── SUPPLIED ENTRIES ──
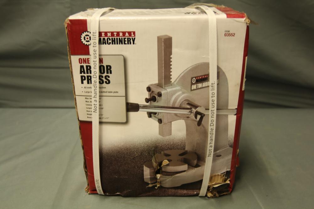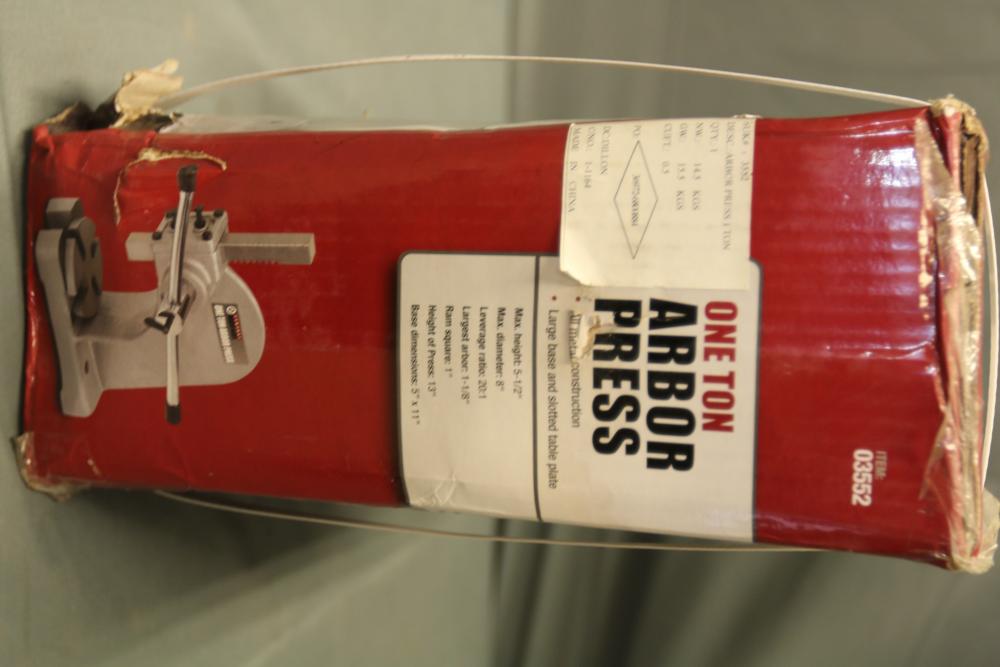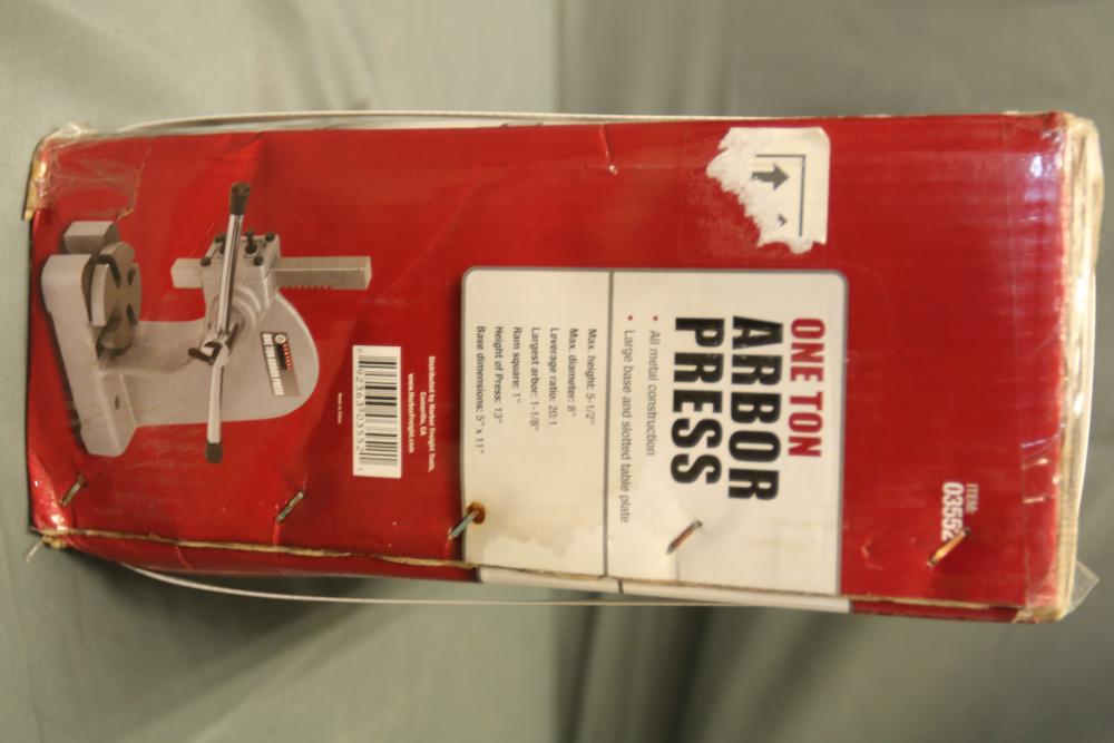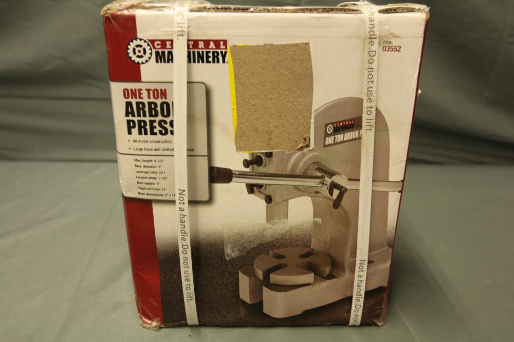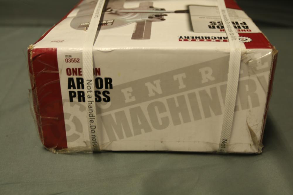 Central Machinery one ton arbor press in its original packaging. Item number 03552. The box shows visible wear and tear but remains sealed and intact. Pickup only.
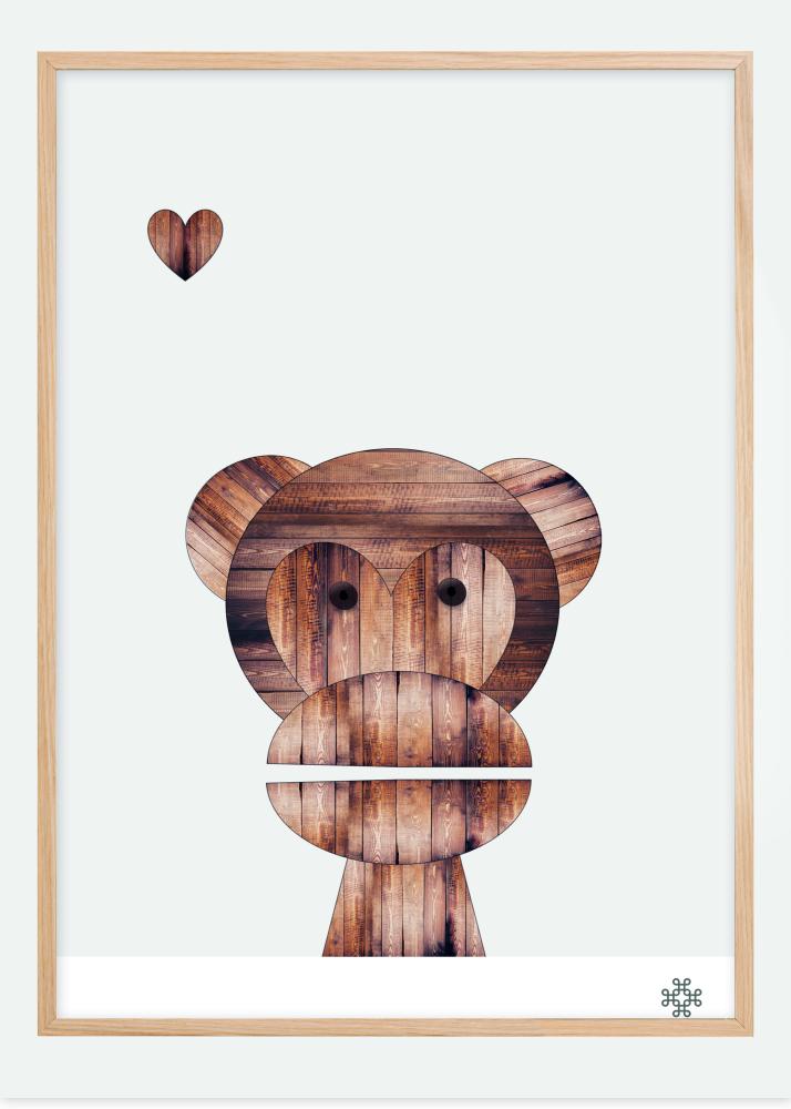 Plakat z lesenimi deskami, kjer les ustvarja obliko majhne opice. Nad opico je majhno srce. Opica te gleda s slike in ti daje vso ljubezen. Ta majhna ljubezenska opica je iznajdljiva in nenavadna ter je popolna izbira za okrasitev otroške spalnice.
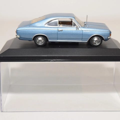 Opel Rekord 1968 ,modellbil av en stasjonsvogn i beige farge. Detaljert miniatyrmodell med fire dører og takstativ. Passer til samling eller utstilling.
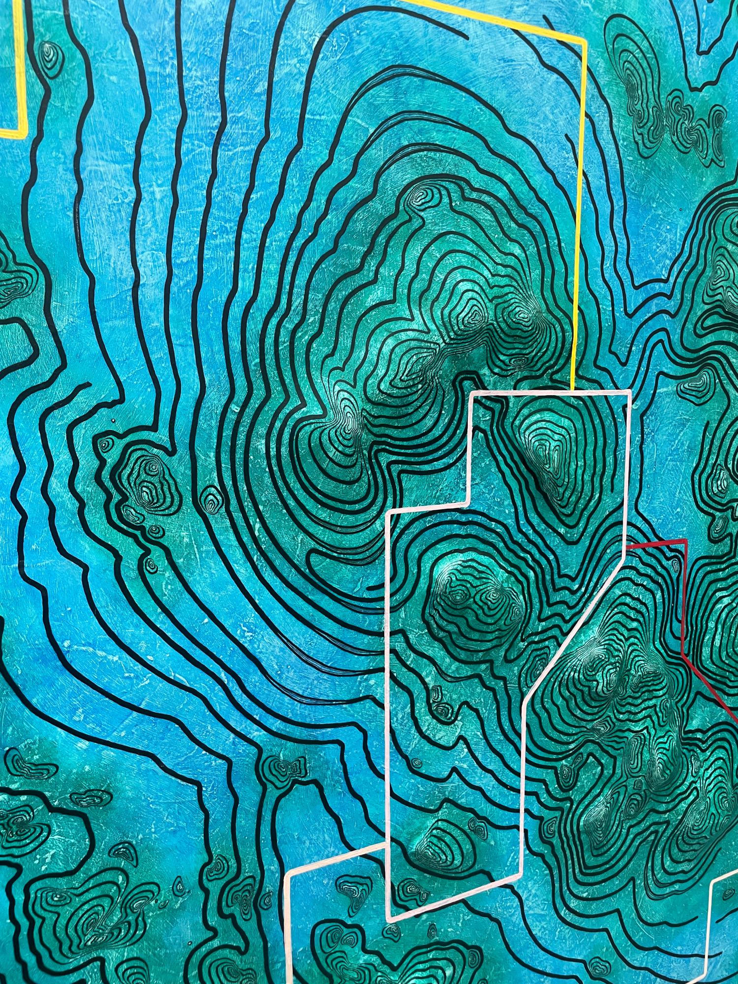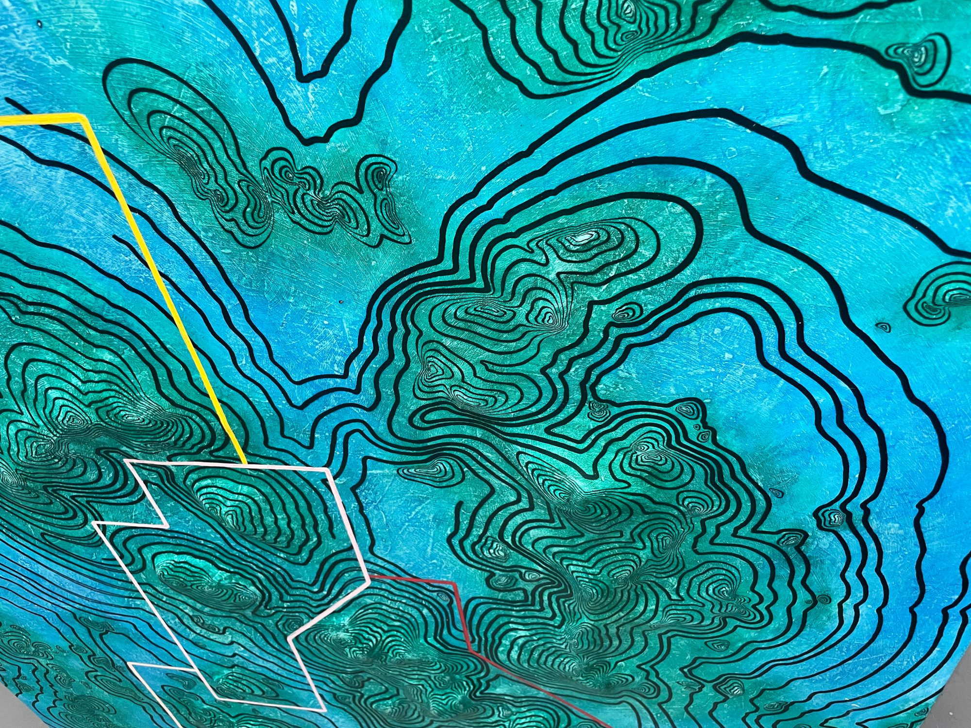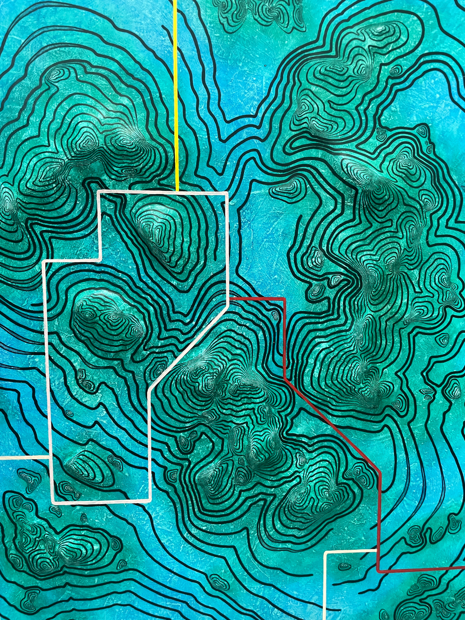 • Mixed Media, autobody filler putty, acrylic, oil, oil marker on wood pannel.
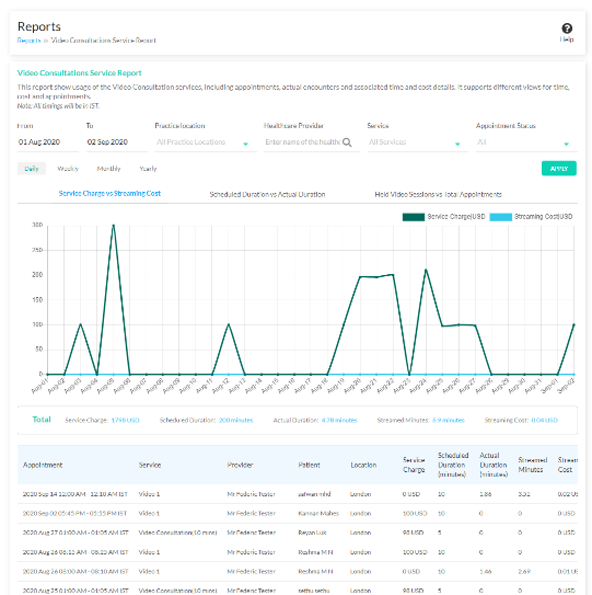 Evaluate usage of Video Consultations services in your practice, including appointments, actual encounters, cost and time details, through meticulously compiled service reports.
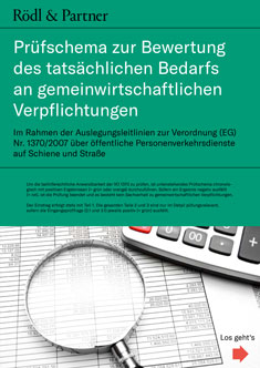 Rödl & Partner hat eine Checkliste erstellt, mit der Aufgabenträger vor Erlass eines öffentlichen Dienstleistungsauftrags oder einer allgemeinen Vorschrift eine möglichst sichere Bedarfsprüfung durchführen können.
───
▶ _REQUIRED ACTION_:
Return the entries exactly as given. Do not include pictures.

▶ _EXPECTED OUTPUT_:
 Central Machinery one ton arbor press in its original packaging. Item number 03552. The box shows visible wear and tear but remains sealed and intact. Pickup only.
 Plakat z lesenimi deskami, kjer les ustvarja obliko majhne opice. Nad opico je majhno srce. Opica te gleda s slike in ti daje vso ljubezen. Ta majhna ljubezenska opica je iznajdljiva in nenavadna ter je popolna izbira za okrasitev otroške spalnice.
 Opel Rekord 1968 ,modellbil av en stasjonsvogn i beige farge. Detaljert miniatyrmodell med fire dører og takstativ. Passer til samling eller utstilling.
 • Mixed Media, autobody filler putty, acrylic, oil, oil marker on wood pannel.
 Evaluate usage of Video Consultations services in your practice, including appointments, actual encounters, cost and time details, through meticulously compiled service reports.
 Rödl & Partner hat eine Checkliste erstellt, mit der Aufgabenträger vor Erlass eines öffentlichen Dienstleistungsauftrags oder einer allgemeinen Vorschrift eine möglichst sichere Bedarfsprüfung durchführen können.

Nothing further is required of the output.